[net.politics] Inflation in a Free Economy? Response to cliff

orb@whuxl.UUCP (SEVENER) (01/28/85)

> 
> > 2)how does Mr. Mc Kiernan intend to achieve a totally free market economy,
> >   one with no distortions of industrial monopoly power, local monopoly
> >   power, etc.?
> 
> "Industrial monopoly power" does not affect inflation.  Please name one time
> in the U.S.'s history that a industrial monopoly power induced inflation.
> 
 
There is a very recent example, not of an industrial monopoly, but a
commodity monopoly which virtually all econometricians agree increased
our whole economy's inflation rate by several percentage points:
namely OPEC's oil embargo.  The energy crunch had a great influence
on the general economic malaise of the 70's.  Now that it is over and
oil is temporarily in excess supply (partially due to the extreme slackening
of demand caused by the '82 recession) Americans have returned to their
energy-hog ways.  Eventually we will pay the price for not preparing for
energy conservation rather than vast non-renewable energy waste.  For
now we are having a wonderful joy-ride.
This present myopia reminds me of Paul Ehrlich's predictions a decade ago
that the world was in for massive famines.  But nothing was done, the
lack of as dire consequences as Ehrlich predicted led to neglect, and
finally pie in the sky corporate technocrats proclaimed that Ehrlich
was just a "philosopher of doom" and all would be wonderful!

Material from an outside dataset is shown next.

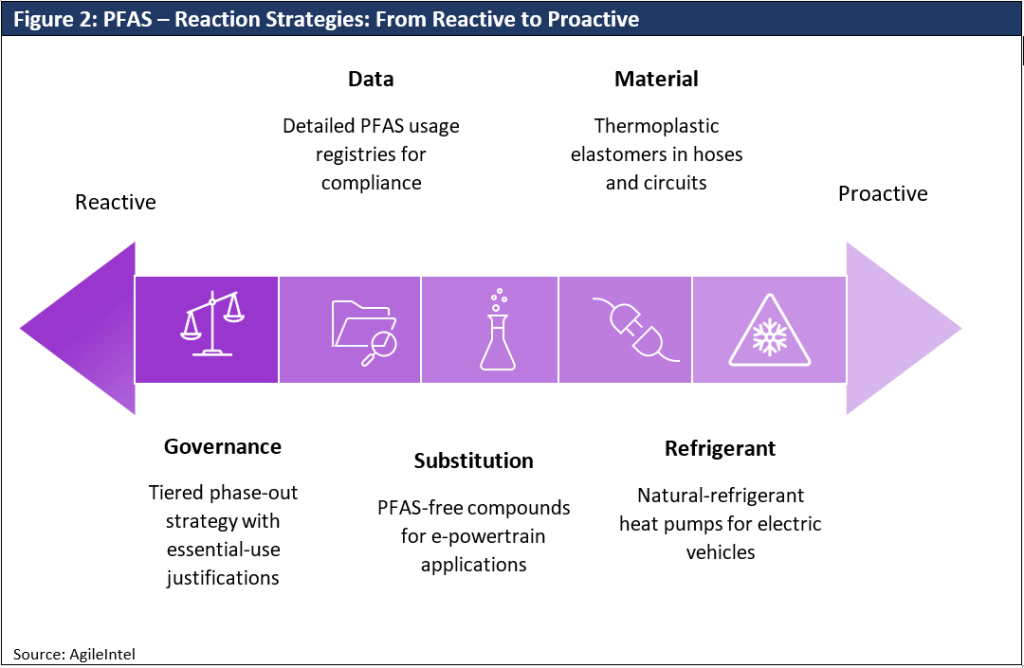 e. Governance, essential-use justifications and phased targets – Given that PFAS encompasses over 10,000 substances, most OEMs are implementing a tiered phase-out strategy. First, they’re removing PFAS from non-critical applications and then conducting substitution trials and validations for critical seals and high-voltage insulation. Finally, they’re preparing essential-use dossiers as needed, with a re-evaluation set to align with ECHA’s 2026 timeline. Formal technical documents submitted by automotive and chemical industry associations to the ECHA also stress the importance of differentiating high-molecular-weight fluoropolymers, such as PTFE, from more mobile PFAS in risk management, anticipating tailored measures that are likely to emerge in the final EU restrictions.

Now, just as Ehrlich predicted, if not as soon as he predicted, we have
massive famines in Africa.
We will find ourselves in another energy crisis again as well.....
 
> Could it be when Alcoa Aluminum was prosecuted under the Sherman Anti-Trust
> act because it was "unfairly" using the latest technology to keep its costs
> and hence prices below those that the smaller companies were used to?
To cite one perhaps mistaken application of antitrust law does not prove
the law has not achieved some prevention of monopoly. I am quite sure
that the aluminum industry is another industry in which the top 3 or 4 firms
control 70% of the market.  So any antitrust actions may have prevented
monopoly- they have not prevented oligopoly power and the consequent
distortion of free market assumptions.